Through the historical contextualization of these texts, and by

reading them contrapuntally, Said tries to find out their social meaning

in an imperialist age. He succeeds in uncovering the political purposes

of Orientalist representational strategies in novels by demonstrating

how imperialism always required culture to assist its political work. For

him, literature itself makes constant references to itself as

participating in Europe’s overseas expansion. It is to demonstrate this

that Said takes up the analysis of the novel, “a cultural artifact of

bourgeois society” (Imperialism 84), and unravels the structures of

imperialism and thereby revealing the imperial complicities of these

works. Said’s concern with the question of subject formation in

‘overlapping territories and intertwined histories,’ and his explorations

100

of the colonial complicities of canonical narratives in Imperialism

makes it almost a sequel to Orientalism. Said makes his plan very

clear:

My method is to focus as much as possible on individual

works, to read them first as great products of the creative

or interpretative imagination, and then to show them as

part of the relationship between culture and empire. I do

not believe that authors are mechanically determined by

ideology, class or economic history, but authors are, I also

believe, very much in the history of their societies, shaping

and shaped by that history and their social experience in

different measure (xxiv).

Said’s work asserts the indispensable role of culture as the vital

enabling counterpoint to institutional practices. The bureaucratic

exercise of power together with the deployment military force always

helped the aims of territorial expansion. Said demonstrates through

his work how this process is sustained by the ideological invasion of

the cultural space.

Imperialism always sees to it that, there was literally no

disagreement about the ontological distinction between the West and

the rest of the world. Since the geographical and cultural boundaries

between these two were strongly perceived, the boundaries between

them were also deemed to be absolute. With the emergence of the

discipline of ethnography, the codification of difference between the

101

civilized and the natives was easily established. The evolutionary

schemes of ethnography defined the subject races as inferior and

primitive, and the dominant races as superior and civilized. According

to Said, it is the power of imperialism that helps to make the great

convergence between the geographical scope of the empires and their

totalizing cultural discourses. This convergence helps “to learn about

other people, to codify and disseminate knowledge, to characterize, to

transport, install, and display instances of other cultures…, and above

all to rule them” (Imperialism 130). Thus, reflections on culture and

identity in the modern world need to interrogate the knowledge-power

nexus and the role of Eurocentrism in the construction of knowledge

about colonial subjects and identities.

Said praises Gauri Viswanathan’s work, Masks of Conquest:

Literary Studies and British Rule in India, in this context, for

uncovering the ideology of the British educational system. The

imperialists permeated and transmitted ideas about unequal races and

cultures in the Indian classrooms, which in Charles Trevelyan’s words

was “to awaken the colonial subjects to a memory of their innate

character” (qtd. in Imperialism 131). Said relates this notion of

ideology with Antonio Gramsci’s notion of hegemony. He argues that

the “ideological vision [is] implemented and sustained not only by

direct domination and physical force but much more effectively over a

long time by persuasive means, the quotidian processes of hegemony”

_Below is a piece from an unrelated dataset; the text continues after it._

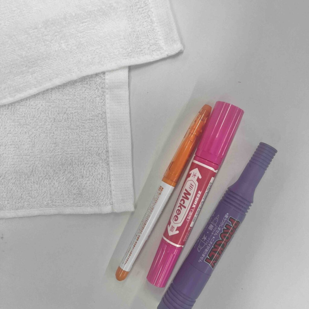 用意するもの:フェイスタオル、カラーペン(油性ペン推奨!)、フリクションのマーカー

(131). Thus, as discussed earlier, Said’s divergence from Foucault

102

mainly stems from his great concern for the individual subject and its

capacity to resist the dominant forms of power and ideology. He gets

the impetus for this politics of resistance obviously from Gramsci’s

focus on the ideology and on the dynamics of resistance and counter-

hegemony. Said’s kinship with the Gramscian paradigm is also

reflected in his conceptualizations on the role of intellectuals and in his

privileging of ‘geographical thinking’.39 Before going further into the

Saidian notions of subjectivity, it would be worthwhile to touch upon

Homi Bhabha’s rather complex idea of the colonized subject so as to

juxtapose it with Said’s.

Bhabha’s Theorization of the Subject

As has been briefly pointed out in the “Introduction,” Homi

Bhabha attempts to theorize the subjectivity of the colonized through

a complex approach mainly influenced by Freud, Lacan and Fanon. In

his The Location of Culture, Bhabha makes a remarkable and inspired

departure from Said. He argues that the “discourse of colonialism” is

frequently populated with “terrifying stereotypes of savagery,

cannibalism, lust and anarchy” (72). Therefore the colonized subjects

are split between contrary positions: knowable, mute and

harmless/wild, harmful and mysterious. Consequently, Bhabha

continues, the colonized subject, in colonialist representations, is

always in motion, sliding ambivalently between the polarity of

39 Both these aspects will be discussed in Chapter Four and Chapter Five respectively. Said observes: “the emphasis on geography in Culture and Imperialism and in Orientalism is extremely important. A kind of paradigm shift is occurring… (Robbins et al. 21).

103

similarity and difference. Because of this slippery nature of the

colonized subject, strategies of frequent repetition are exercised by

the colonizers to describe them in static terms. However, as McLeod

observes, “this fixing of the colonized’s subject position always fails to

secure the colonized subject into place” (53). For Bhabha, this anxious

repetition involves “the same old stories of the Negro’s animality, the

coolie’s inscrutability or the stupidity of the Irish” (Location 77).

Through this discourse, colonialism endeavors to construe the

colonized as both similar to and the other of the colonizers; in effect, it

is to be noted that, it does neither. Its aim to fix knowledge about the

Other is always deferred according to Bhabha. “The best it can do is

set in motion the anxious repetition of the colonized subject’s

stereotypical attributes that attempt to fix it in a stable position. But

the very fact that stereotypes must be endlessly repeated reveals that

this fixity is never achieved” (McLeod 54). In his essay “Of Mimicry and

Man”, Bhabha examines how the ambivalence of the colonized subject

becomes a threat to the authority of the colonizers through the effects

of mimicry. He sees mimicry as “one of the most elusive, and effective

strategies of colonial power and knowledge” (Location 85). He

considers mimic men as agents capable of menacing the colonial

authority. As he puts it, “to be Anglicized is emphatically not to be

English” (87). By speaking English, the colonized subjects challenge

representations, which attempt to fix and define them as static

entities. And by this, they make an attempt to disclose the

104

ambivalence of the discourse of colonialism. When the colonizers

listen to their own language from the mouths of colonized they are

affected by the worrying threat of resemblance (McLeod 55). This

helps to dismantle the Orientalist structure of knowledge, wherein

such oppositional distinctions are made. Bhabha’s positive, active and

insurgent model of mimicry together with his assertion of the

colonized subjectivity is an extension and a different version of Said’s

model of subjectivity. Bhabha highlights the agency of the subaltern

and argues that the colonizer’s desire for the colonized, and the

images of him as an object that can be studied and controlled, is

parallel to the desire of the colonized—through which the colonizer is

defined as a master of knowledge and culture. In this way, ambivalent

and conflicting attitudes towards the Other are shaped by both sides.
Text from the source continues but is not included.